How, then, do people who come into conflict with the social struggle inside it.  There are two methods -- one is to abolish the social existence and create a new one.  The other is to seek representation within the social, to carve out a new social space.  It is in the latter where conceptions of "identity" are formed.(2)  I would suggest that the former can only be achieved through collective struggle.  As the graphic above suggests, one way we might do this is to create a counter-hegemony, to battle against the current culture with a new culture.

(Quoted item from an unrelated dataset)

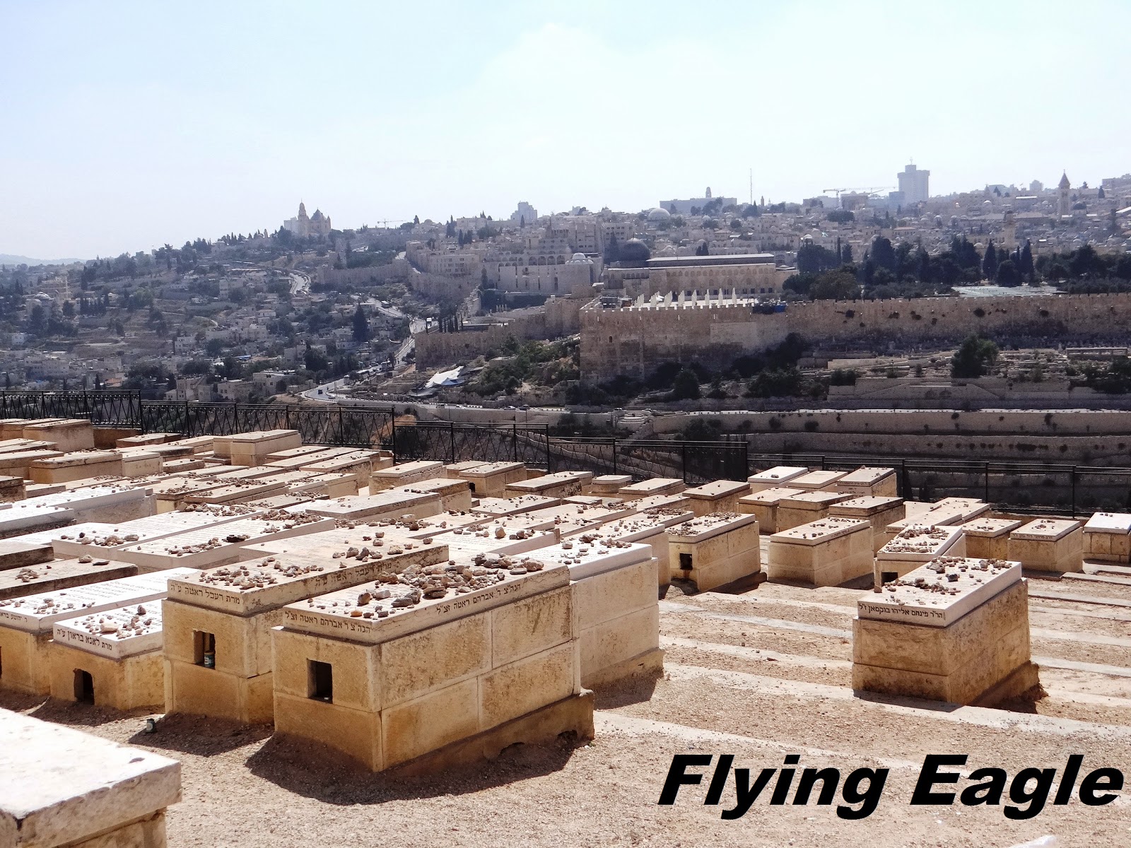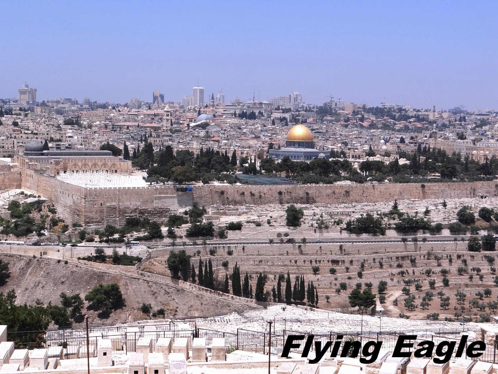 經過了長途飛行和舟車勞頓,我們抵達了耶路撒冷。在餵飽肚腹後,開始我們的第一站──橄欖山。橄欖山並非很高的山,僅有約800公尺高,但在此可將耶路撒冷城盡收眼底。新約聖經記載耶穌經常在橄欖山禱告並教導門徒,最後並在山下的客西馬尼園被抓。從這裡遠遠可看到一個金光閃閃的屋頂,那是位於聖殿山上的大磐寺(Dome of the Rock),是一座回教的清真寺。

An important part of the equation is one that Johnson does not adequately touch, and something that we simply haven't talk about in class.  We have talked about the box we live in, but we haven't been able to explain what that box is.  I would suggest, following Marx and Gramsci (as well as others), that this box has two important elements: a base and a superstructure.(3)  I would call the box capitalism, because we live in a social system that is fundamentally different previous political-economic-social structures.  It was created through an prolonged process from the 1500's (roughly) up to this day.  And while there are important system of oppression (for example, patriarchy) that existed before this system, we experience it now fundamentally different than we would have in a society underpinned by, for example, feudal social relations.(4)

It is important, I think, to understand the present epoch we live in, because I do not agree with Max Weber that education is something that should be "value free."  The point of education is to find social antagonisms, understand social antagonisms, and abolish them.  My point here is not that Johnson is useless, far from it, but that I don't think his ideas go far enough in digging into what constitutes the social, what social relations are and how we enact them.

(1) Karl Marx, Preface to A Contriution to the Critique of Political Economy, https://www.marxists.org/archive/marx/works/1859/critique-pol-economy/preface.htm.
(2) A Michel Foucault noted in his work The History of Sexuality, the notion of "homosexual" as an identity did not exist before the Victorian era.  Surely there were people who were had same-sex and what we might today call "queer" relations, but as an identity the concept of "homosexual" did not exist before this time.  A problem with modern Gender Studies has been taking modern identities and looking back in history to find examples that legitimize their place within the modern civil society.  These attempts, in my opinion, are ahistorical and wrongheaded.  See Michel Foucault, The History of Sexuality, vol. 1: An Introduction, New York City, Vintage 1990.
(3) Karl Marx, Preface to A Contribution to the Critique of Political Economy, https://www.marxists.org/archive/marx/works/1859/critique-pol-economy/preface.htm. "In the social production of their existence, men inevitably enter into definite relations, which are independent of their will, namely relations of production appropriate to a given stage in the development of their material forces of production. The totality of these relations of production constitutes the economic structure of society, the real foundation, on which arises a legal and political superstructure and to which correspond definite forms of social consciousness."
(4) See Silvia Federici, Caliban and the Witch: Women, the Body and Primitive Accumulation, New York City, Autonomedia 2005 and Maria Della Costa and Selma James, The Power of Women and the Subversion of the Community, Falling Wall Press, 1975.